Most of Saddam's atrocities and death toll stemmed from his genocide/gas campaigns against the Kurds in the '80s and the Iran/Iraq war in the '80s. After the first gulf war, we had decimated his military, established no-fly zones to protect Kuwait and the Kurdish areas in northern Iraq, and pretty much hamstringed any significant aggression that Hussein could manufacture, either outwards or inwards.
Comparing a 2002 Iraq to a current Darfur or (I don't know much about it but) Congo is absurd. Hussein did really bad shit over a decade prior to '02, but was basically neutered in his "evil-doer" capacity for the decade before we invaded. If you want to make the argument that we should've invaded Iraq in 1987 or something, fine, go nuts. But comparing a neutered dictator in Iraq to current genocide (or mass-killing, if you prefer) in Africa is no comparison.
Saddam wasn't even able to commit genocide when we invaded his country. He was under control. Our mission was not a humanitarian one (and thank god because the civilian death tolls from our actions would make such a claim completely laughable). Don't compare 2002 Iraq to current day African nations where mass-killing is taking place.
They aren't comparable.
Going into Darfur or the Congo or North Korea or Venezuela or Iraq or Afghanistan are all pretty much equally unacceptable.
I already posted this a couple pages back but we can also bring the bombing of Afghanistan - which exacerbated the preexisting starvation crisis - into the mix. We knew what would happen if we carried out the bombardment.

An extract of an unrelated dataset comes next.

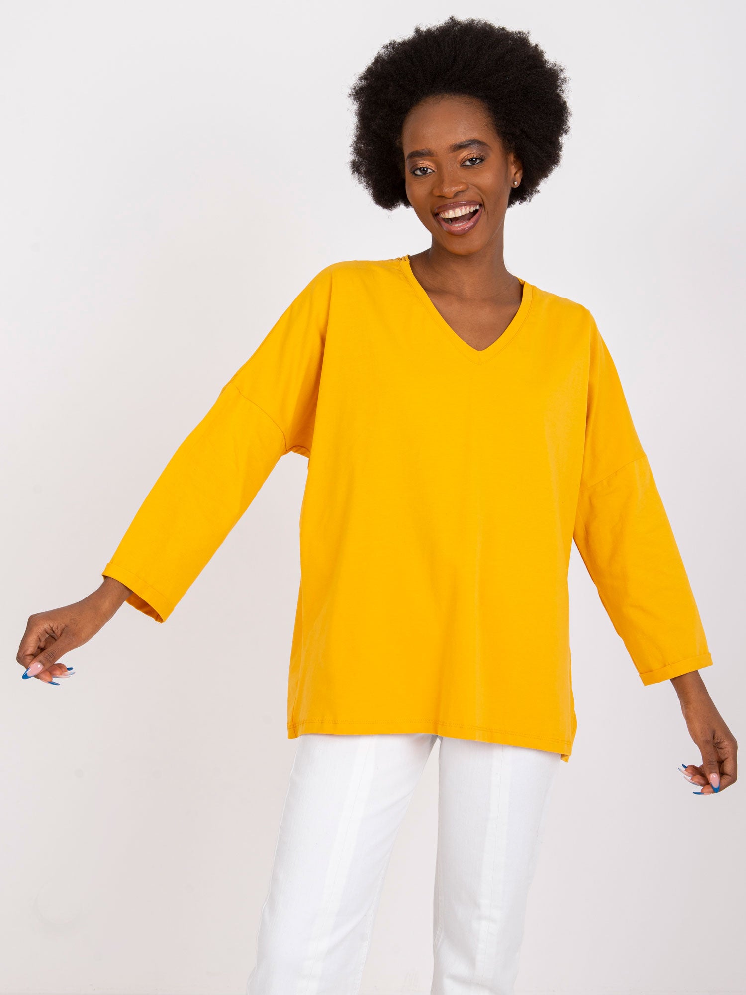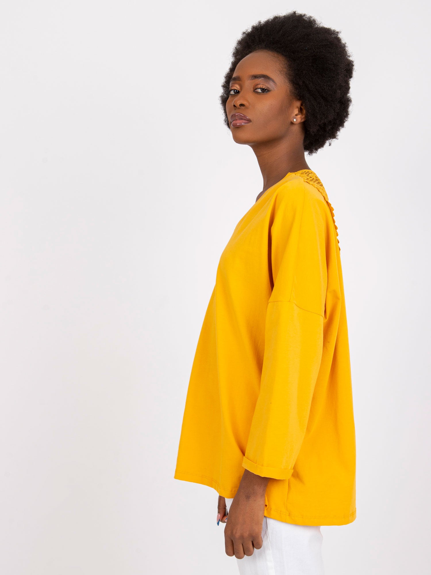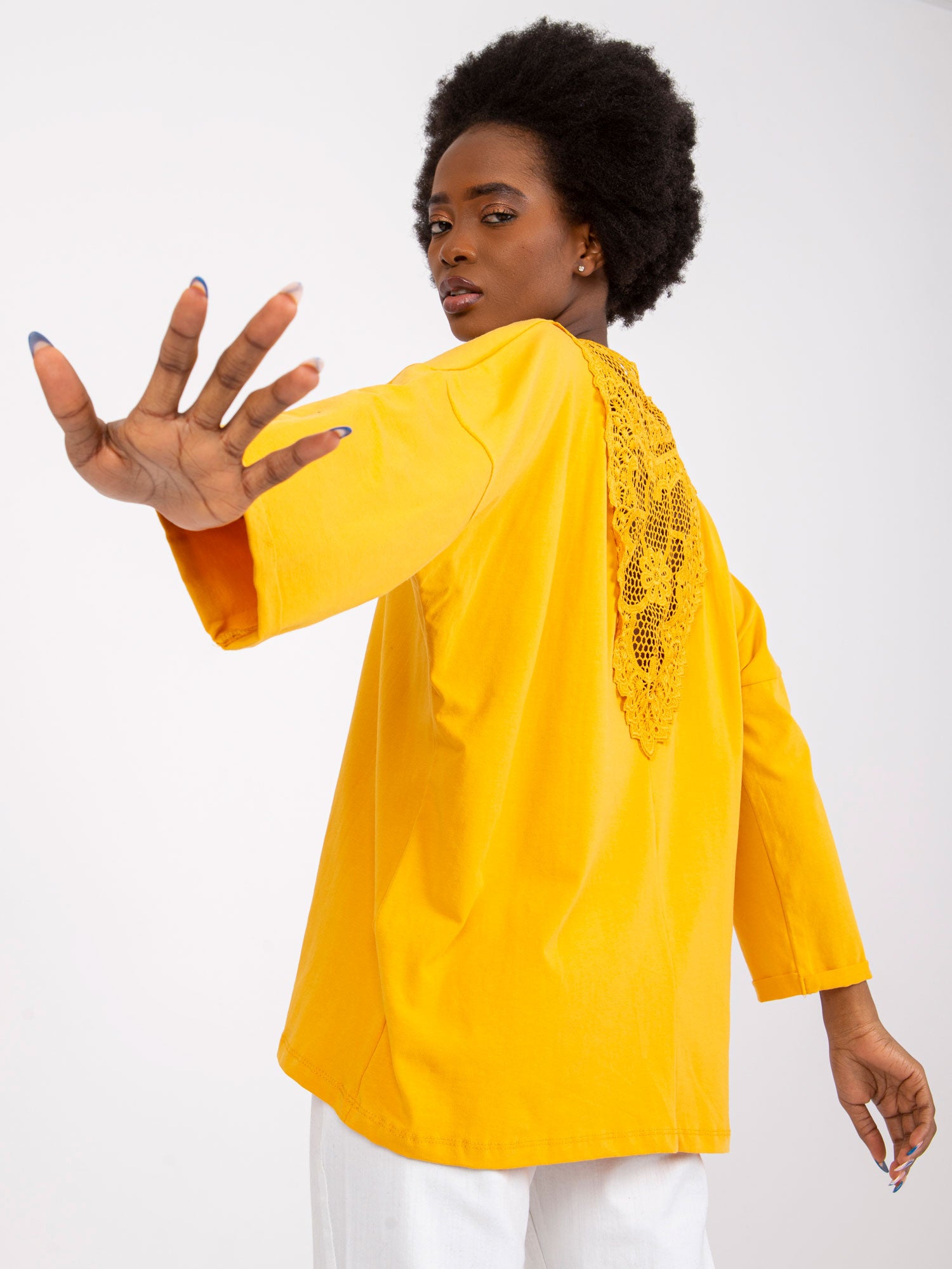 Wymiary bluzki w rozmiarze S/M mierzone na płasko: szerokość pod pachami - 60 cm, długość całkowita - 63 cm, długość rękawa - 46 cm.

There are plenty of reports covering that - I quoted 2 integral NY Times articles - and the Bush admin. made a few damning statements that clearly show they knew (anticipated) the starvation getting monumentally worse. I believe it became known as the 'silent genocide.'
There was no humanitarian agenda. It was just a marketing ploy. We need to reconcile what the government says with the facts (past/present/future).
If Bush lied about Iraq so did Clinton and Gore.
also too...don't forget that we were hitting targets in iraq under clinton too. i joined the army while clinton was president and i was by no means "bored".
what churchill said is right...you either invade ALL those countries or NONE of them because you can't pick and choose which battles you want because those countries are "more important" or "less important". that video made a great point about us having an amazing military force...but no peacekeeping force at all. you can't expect the same guys to do both jobs and be successful.
i understand that we're always going to be the UN's big stick. when someone needs taken down or dealt with, we're going to be the ones that have to lead the charge...we just need to put the force into place that can handle the "after".
Clinton's airstrike's were backed by the U.N. and were directed at biological plants and factories. And when the Airstrikes happend, the GOP said it was only a diversion from the impeachment trial about getting a blowjob. Clinton also didn't go to War with Iraq.
Bush's Invasion and War on Iraq and its cities was very different than U.N. backed airstrikes.